3. Key Contributions

• First Disease-Agnostic Framework: This is the first end-to-end framework designed to systematically prioritize patients and targets for ASO development across the entire spectrum of rare genetic diseases, rather than focusing on a single condition.
• Integration of Biological and Clinical Dimensions: Unlike previous guidelines that focused solely on variant mechanics, this framework explicitly separates and then integrates biological feasibility (disease/variant/model) with clinical and system-level constraints (patient safety, delivery feasibility).
• Modular and Reusable Design: By decoupling disease-level assessments from individual patient assessments, the framework allows for efficient scaling. Once a disease/gene is assessed as "tractable," that data can be reused for multiple patients, reducing redundant expert review.
• Transparency and Reproducibility: The framework replaces implicit, informal decision-making with explicit scoring and exclusion criteria, enabling auditability and consistent application across the NHS.

4. Results

• Calibration with Approved Therapies: When applied to market-approved ASO targets, the framework correctly identified them as high-priority candidates.
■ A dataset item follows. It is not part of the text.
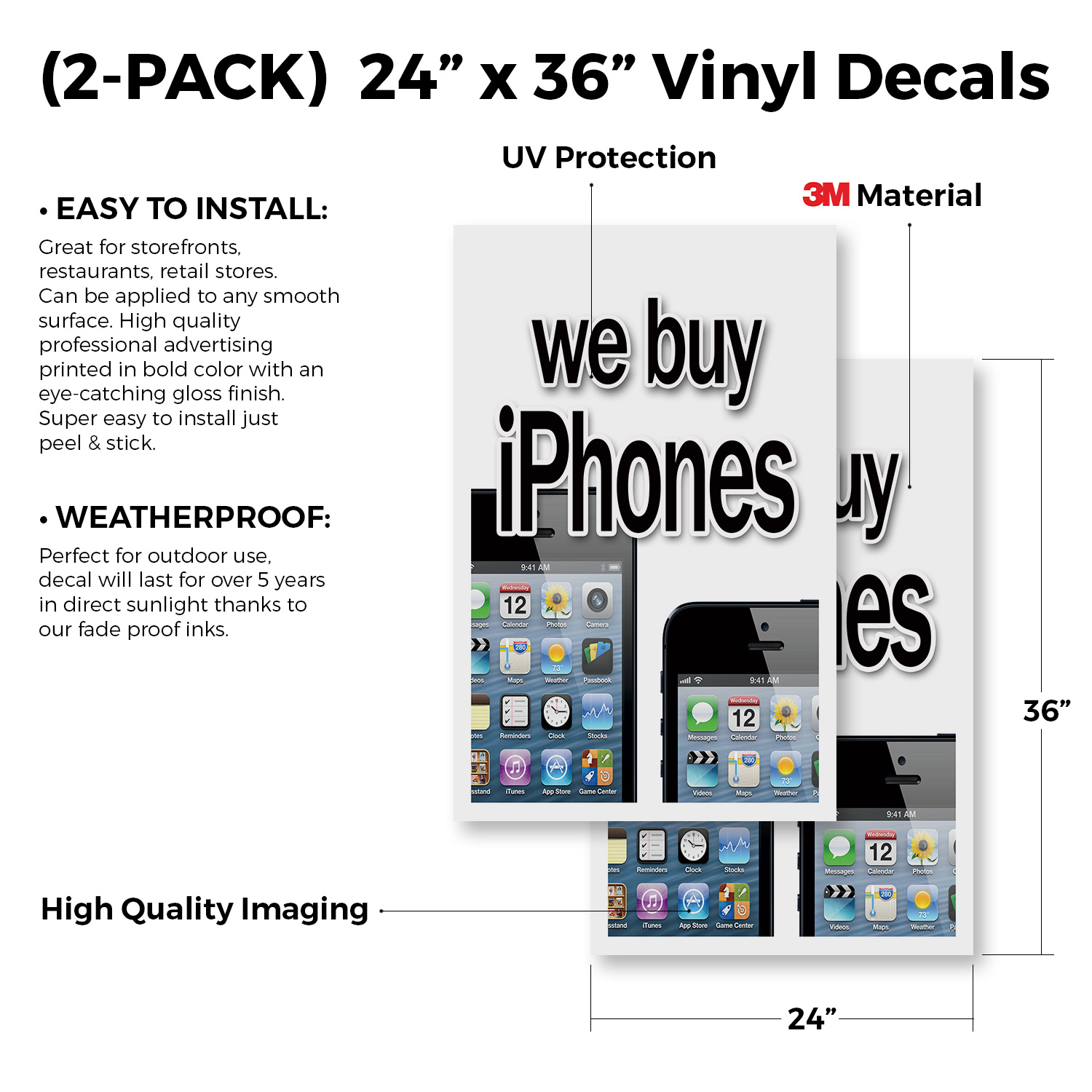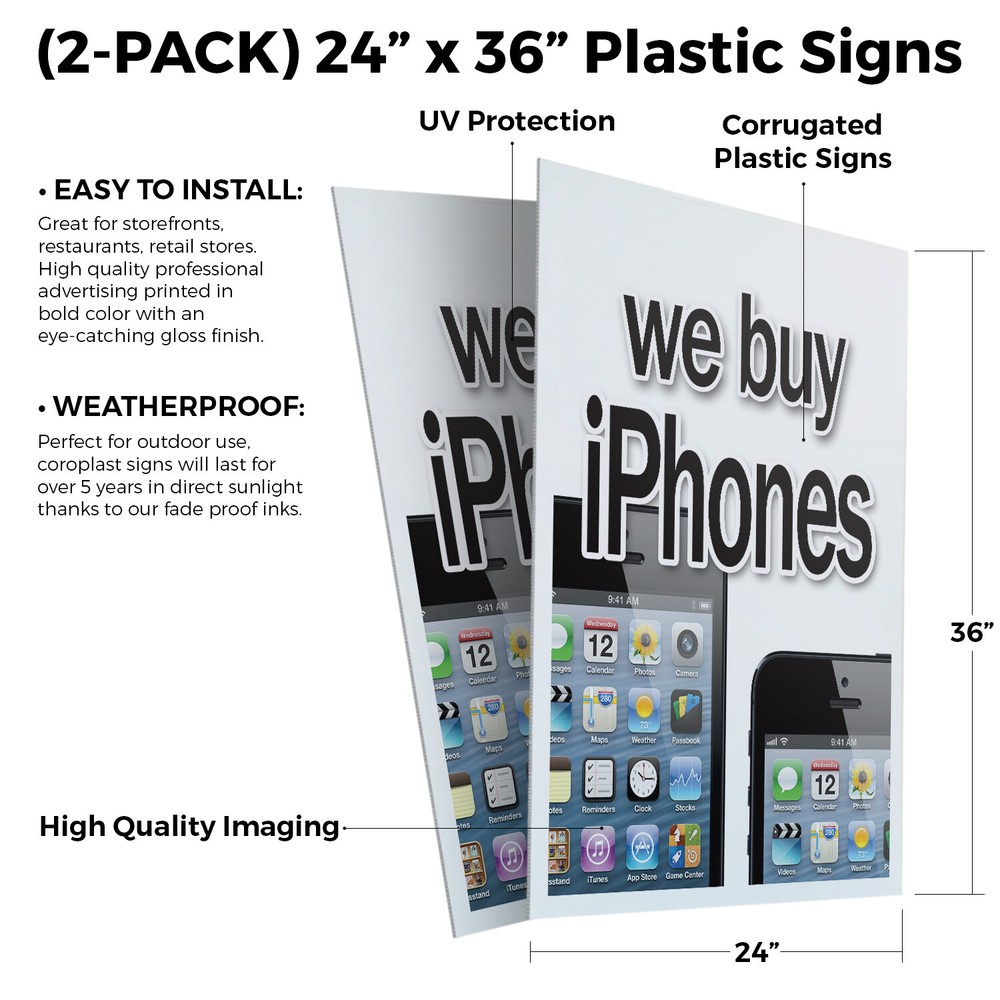 SignMission (2-Pack) 24” x 36” Corrugated Plastic Signs These rigid plastic signs will work great with our deluxe a-frame, windows or anywhere you want to mount them. Use on storefronts, restaurants, retail stores, parking lots, food trucks concession trailers, and much more! High quality professional advertising printed in bold color with an eye-catching gloss finish. These decals are commonly used in industrial, commercial, public and private settings. Super easy to install – we recommend using Velcro or double-sided tape if used with our deluxe a-frame or you can use screws or nails depending on your application. Universal 2 eBay Template by Finest Design Vinyl Banners Aluminum Signs Safety Signs Yard Signs Designer Aluminum Signs Novelty Signs Vinyl Banners Aluminum Signs Safety Signs Yard Signs Designer Aluminum Signs Novelty Signs Description We Buy Iphones 24" x 36" 2 Pack Of Store Sign Plastic Or Decal PRODUCT DESCRIPTION: This listing has 2 variations. The different PRODUCT DESCRIPTIONS are listed below: (2-Pack) 24” x 36” Corrugated Plastic Signs Wheels & Rims (2-PACK) 24" x 36" Plastic Signs EASY TO INSTALL: Great for storefronts, restaurants, retail stores. High quality professional advertising printed in bold color with an eye-catching gloss finish. WEATHERPROOF: Perfect for outdoor use, coroplast signs will last for over 5 years in direct sunlight thanks to our fade proof inks. VIBRANT & VISIBLE: We use smart fonts and unrivaled inks and colors to ensure that our signs are visible inside and outside even in poor lighting and extreme weather. Our signs won't fade from the sun and are corrosion free for life. These can be applied to our deluxe a-frame signs, windows, walls, doors, etc. (2-Pack) 24” x 36” Vinyl Decals Wheels & Rims (2-PACK) 24" x 36" Vinyl Decals EASY TO INSTALL: Great for storefronts, restaurants, retail stores. Can be applied to any smooth surface. High quality professional advertising printed in bold color with an eye-catching gloss finish. Super easy to install just peel & stick. WEATHERPROOF: Perfect for outdoor use, decal will last for over 5 years in direct sunlight thanks to our fade proof inks. VIBRANT & VISIBLE: We use smart fonts and unrivaled inks and colors to ensure that our signs are visible inside and outside even in poor lighting and extreme weather. Our signs won't fade from the sun and are corrosion free for life. These can be mounted on an a-frame sign, windows, walls, doors, etc.

Notably, two conditions (Hereditary Angioedema and Hereditary Transthyretin Amyloidosis) were excluded at the Disease Module stage not due to biological infeasibility, but because effective alternative treatments already existed. This confirmed the framework's logic aligns with real-world resource allocation.
• Variant Triage: In the cohort of 26 patients, initial variant-level triage (using N1C guidelines) classified 10 as "Eligible" or "Likely Eligible."
  • Splice Correction: 2 variants were eligible (e.g., deep intronic variants in NPC1 and MTM1).
  • Transcript Knockdown: 7 variants were eligible (e.g., EFEMP1 in Doyne honeycomb retinal dystrophy).
  • Upregulation: No variants were deemed eligible, highlighting current limitations in this therapeutic modality.
• Case Study Outcomes:
  • Prioritization (DHRD/EFEMP1): High scores across all modules supported progression, aligning with ongoing clinical development.
  • Translational Constraints (NPC1): While biologically tractable, the framework highlighted constraints related to CNS delivery and the modest efficacy of existing therapies, supporting a cautious but active approach.
  • Exclusion (BANDDOS/CSF1R): Despite biological tractability, the patient was excluded due to rapid disease progression and unfavorable risk-benefit ratios, demonstrating the framework's ability to prevent futile interventions.
  • Conditional Progression (Centronuclear Myopathy/MTM1): High biological scores were tempered by technical delivery challenges (skeletal muscle/liver targeting), illustrating how the framework surfaces specific translational barriers.

5. Significance

• Equitable Access: The framework provides a mechanism to ensure that access to expensive, complex NATs is determined by transparent criteria rather than institutional bias or geographic location, a critical need for publicly funded systems like the NHS.
• Scalability for Rare Diseases: By enabling centralized assessment of disease biology and functional models, the framework reduces the burden on local clinicians, allowing the system to scale as genomic diagnosis rates increase.
• Future-Proofing: The modular design allows the framework to adapt to new ASO chemistries, delivery technologies, and other NAT modalities (e.g., siRNA, gene editing) without requiring a complete overhaul.
• Policy and Governance: It offers a model for regulatory bodies and healthcare systems to manage the "N-of-1" and small-cohort therapy landscape, balancing innovation with responsible, evidence-based clinical implementation.

In conclusion, the UPNAT framework transforms the prioritization of ASO therapies from an ad-hoc process into a structured, reproducible, and equitable system, bridging the gap between genomic discovery and clinical application for rare diseases.